In recent work, our laboratories have performed chemical optimization of CBS1117 to obtain higher potency against group 1 HA (Gaisina et al, 2020). The present work allows us to better interpret the structure activity relationship of our compounds. For example, compound 16 (N-(1-(tert-butyl)piperidin-4-yl)-2-chloro-4-(trifluoromethyl)benzamide) with bulky and lipophilic tert-butyl substituents attached to the piperidine nitrogen and a 2-chloro-4-trifluoromethyl substituent pattern in the aromatic ring appears to be a superior inhibitor with EC50 = 0.24 μM against H5 HA in the pseudovirus entry assay ([Gaisina et al, 2020], compound chemical structure shown in Fig S4). In contrast, Compound 26 ((2,6-dichlorophenyl) (8-isopropyl-1-oxa-4,8-diazaspiro[4.5]decan-4-yl)methanone) with the amide replaced by oxazolidine pharmacophore exhibits EC50 > 30 μM against H5 HA in the pseudovirus entry assay ([Gaisina et al, 2020], compound chemical structure shown in Fig S4). The overlay of compound 16 in the CBS1117 binding site reveals maintenance of the existing interactions and a new potential hydrophobic interaction with the side chain of HA2-V52, which presumably is partially responsible for the 10× enhancement of potency (Fig 4). On the other hand, the overlay of compound 26 in the CBS1117-binding site reveals loss of numerous hydrophobic interactions, including those of HA2-W21 and HA2-I45, which are presumably partially responsible for the >10× decrease in potency (Fig 4).

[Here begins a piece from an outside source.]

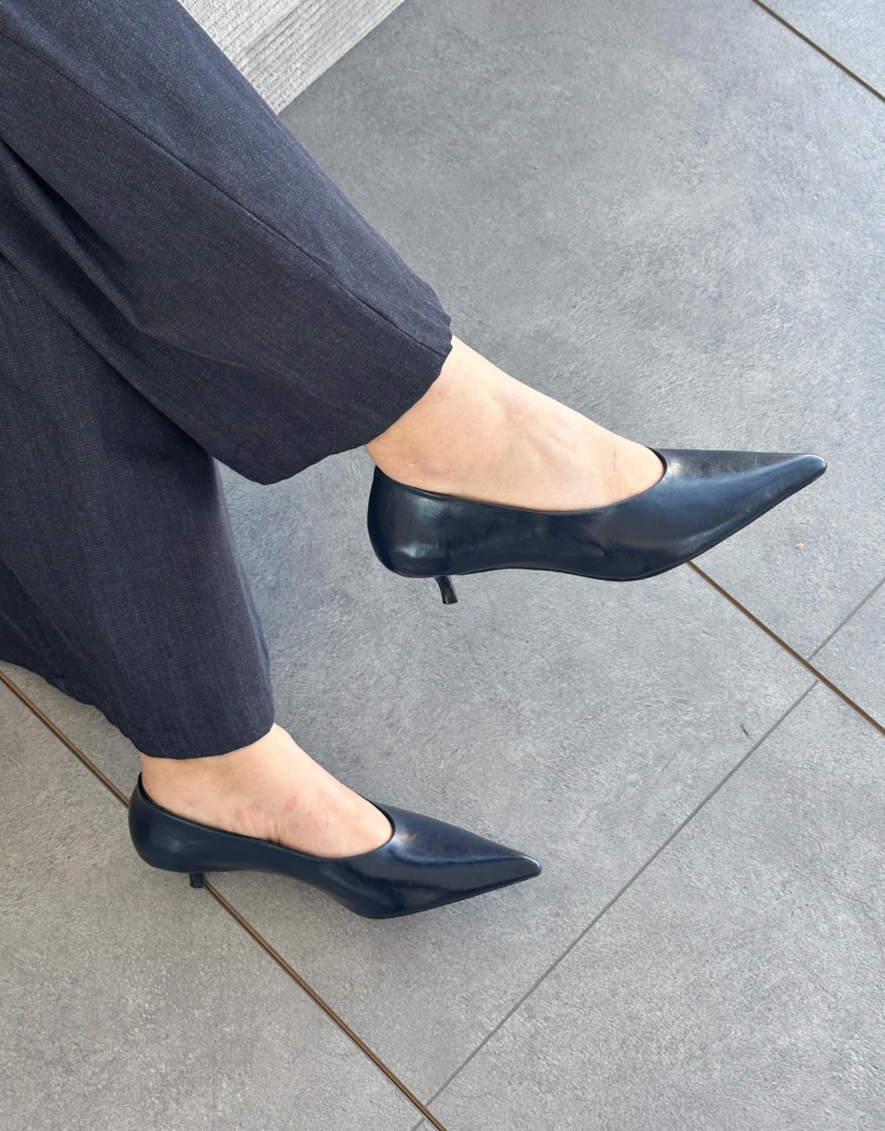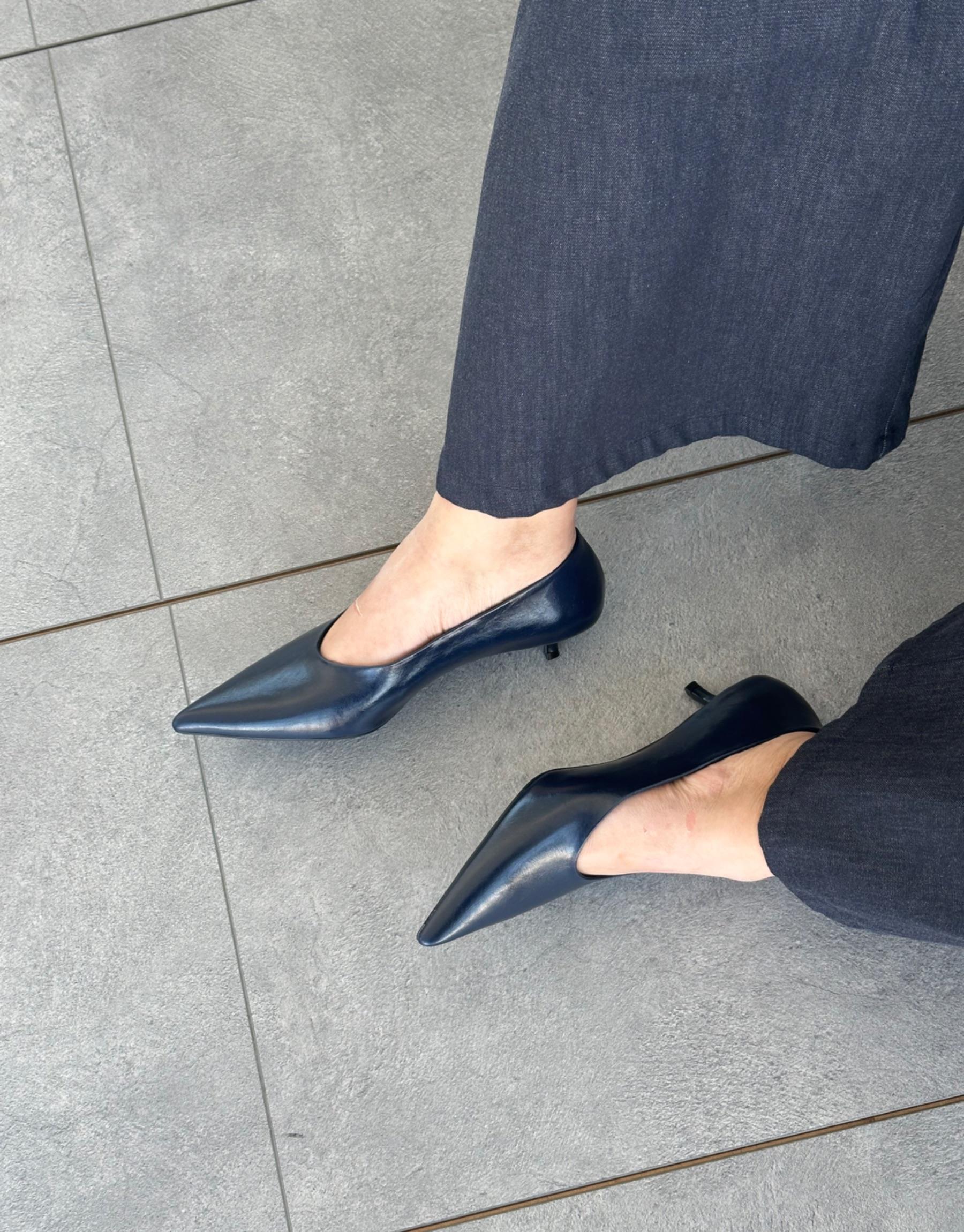 Bayan Lacivert Bellami Sivri Burun Arkası Kapalı Topuklu Kadın Ayakkabı | Fambella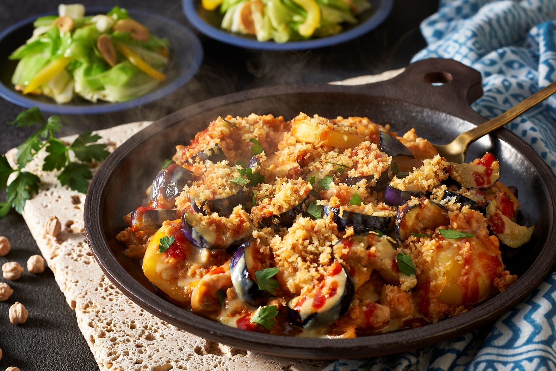 商品説明:ジューシーな茄子とフムスの食欲そそる味付けで、チーズ不使用ながら満足感の高いグラタンをメインにしたデリプレートです。

Synthesis and antiviral properties are described in Gaisina et al, (2020).
The activity of the compounds has been previously described (Gaisina et al, 2020). To generate this figure, the compounds 16 and 26 were manually aligned with CBS1117. The coloring scheme is the same as Fig 2B with the addition of the new potential interaction with the side chain of HA2-V52 in orange.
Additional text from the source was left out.